Provided information: Begin

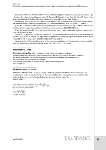 9. Козырева А. А., Девяткин Д. А. Использование механизмов искусственного интеллекта в процессе систематизации российского и международного законодательства // Международный правовой курьер. 2020. № 1-2(35-36). С. 14-17.
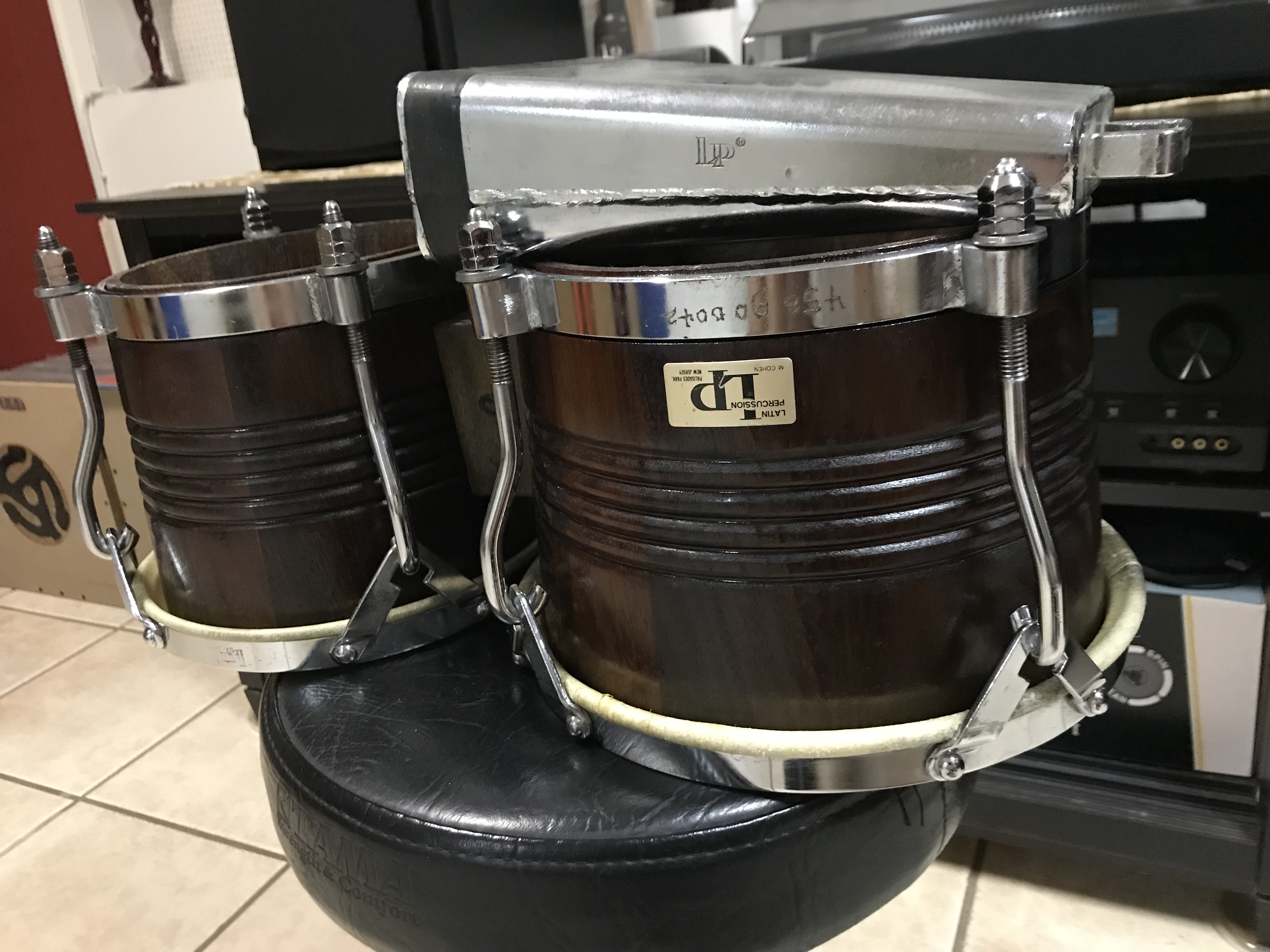 Bongoceros! This is what everyone played in the Salsa and Guaguanco scene in the 70’s. I’ve owned this LP Bongo Cowbel for over 35yrs now. Got it from a guy who got frustrated with it because he couldn’t get it mounted in his Timbales. So during a gig he one year he tells me “La quieres” and of course I said “Yes” lol. True old school sound on this bell. The Bongos I got from a Guy in LA who thought it was a good idea to engrave his name and what it looks to be his SS# on the rims. What a dope! The guy didn’t even know what he had. These are late 60’s or early 70’s Palisades Park with Cuban bottoms and made out of Dark Walnut. Super light.
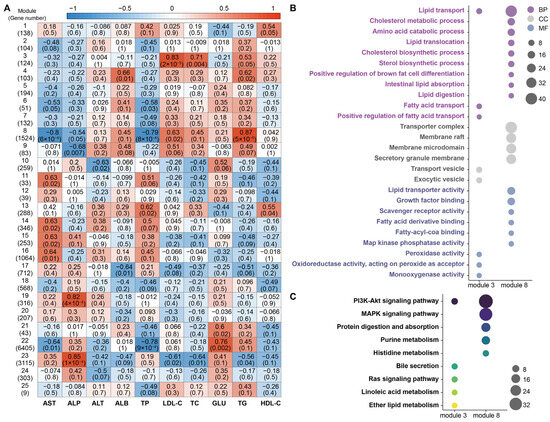 WGCNA identifying associations between blood DEGs and serum biochemical parameters. (A) Heatmap displaying correlation coefficients between 25 co-expression modules (rows) and 13 serum biochemical parameters (columns). In each cell, the upper value represents the correlation coefficient, and the lower value represents the corresponding significance level (p-value). The color gradient ranges from blue (negative correlation) to red (positive correlation), with intensity reflecting the strength of the correlation. (B) GO enrichment analysis of genes within Modules 3 and 8. Dot size is proportional to the number of genes annotated to each GO term, while dot color denotes the GO category: Biological Process (BP, purple), Cellular Component (CC, grey), and Molecular Function (MF, blue). (C) KEGG pathway enrichment analysis for Modules 3 and 8. Dot size reflects the number of genes enriched in each pathway. Dot color indicates statistical significance, ranging from yellow (lower significance) to dark purple (higher significance).
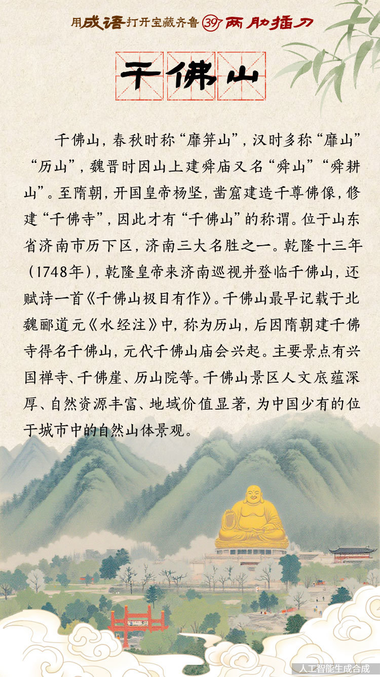 大众网·海报新闻推出《用成语打开宝藏齐鲁》栏目,采用AIGC技术生成妙趣图文,带你穿越千年,探寻宝藏齐鲁的名人轶事、历史典故、地域美景以及传统文化。
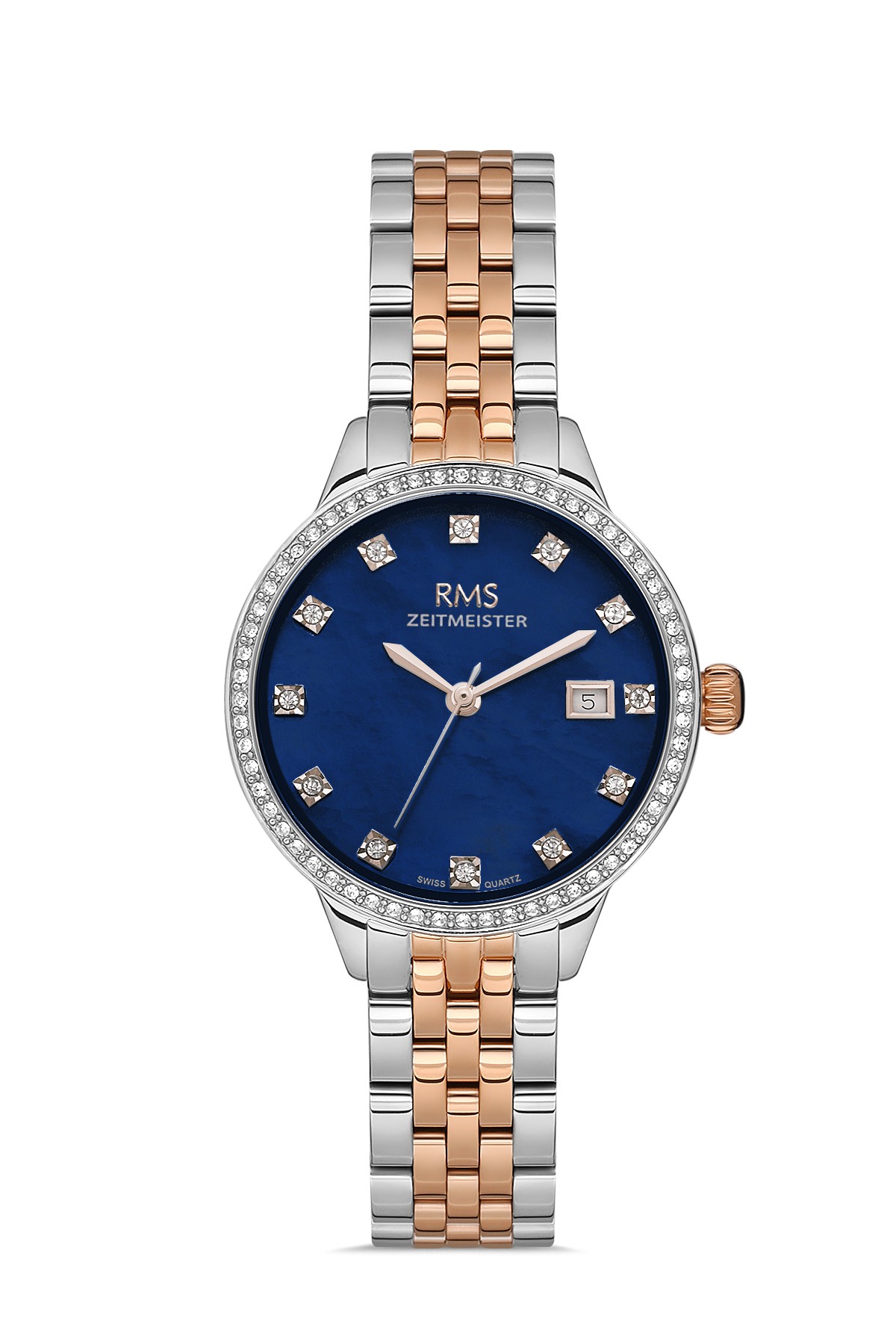 Kadın - Takvi̇mli̇ - Rose Beyaz - Mavi̇ - Paslanmaz Masi̇f Çeli̇k - 5 Atm - Safi̇r Cam - Grand Romanson - 30
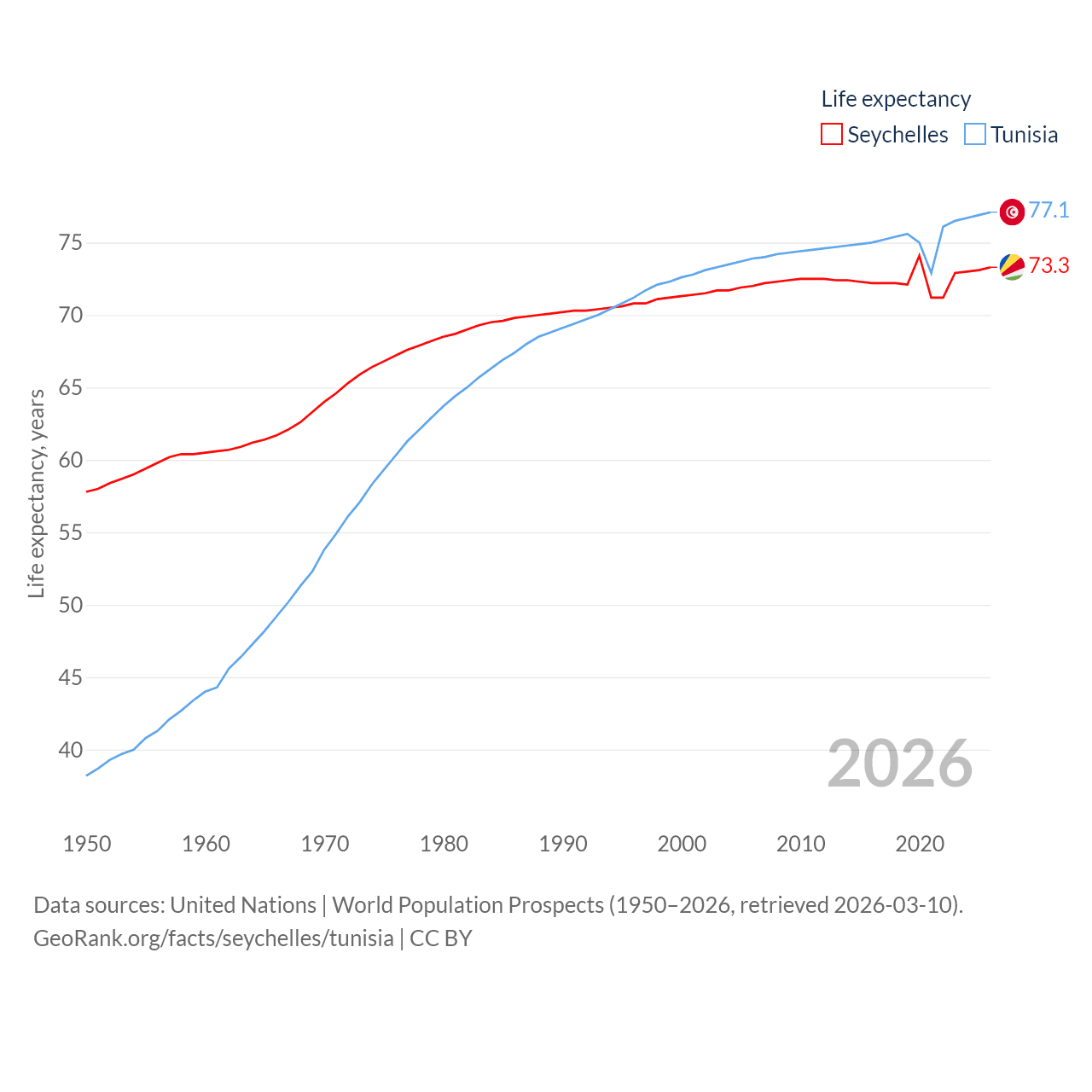 The Seychelles has a population of 121K (ranked 181/197), compared with 12.3M in Tunisia (ranked 80/197). The Seychelles' land area is 177.6 sq mi versus 59,985 sq mi for Tunisia (ranked 181st vs. 91st).

Provided information: End

Task goal —
Once you find the line with "Kadın - Takvi̇mli̇", restate it and every later line of the data word for word, excluding the pictures.

Result —
 Kadın - Takvi̇mli̇ - Rose Beyaz - Mavi̇ - Paslanmaz Masi̇f Çeli̇k - 5 Atm - Safi̇r Cam - Grand Romanson - 30
 The Seychelles has a population of 121K (ranked 181/197), compared with 12.3M in Tunisia (ranked 80/197). The Seychelles' land area is 177.6 sq mi versus 59,985 sq mi for Tunisia (ranked 181st vs. 91st).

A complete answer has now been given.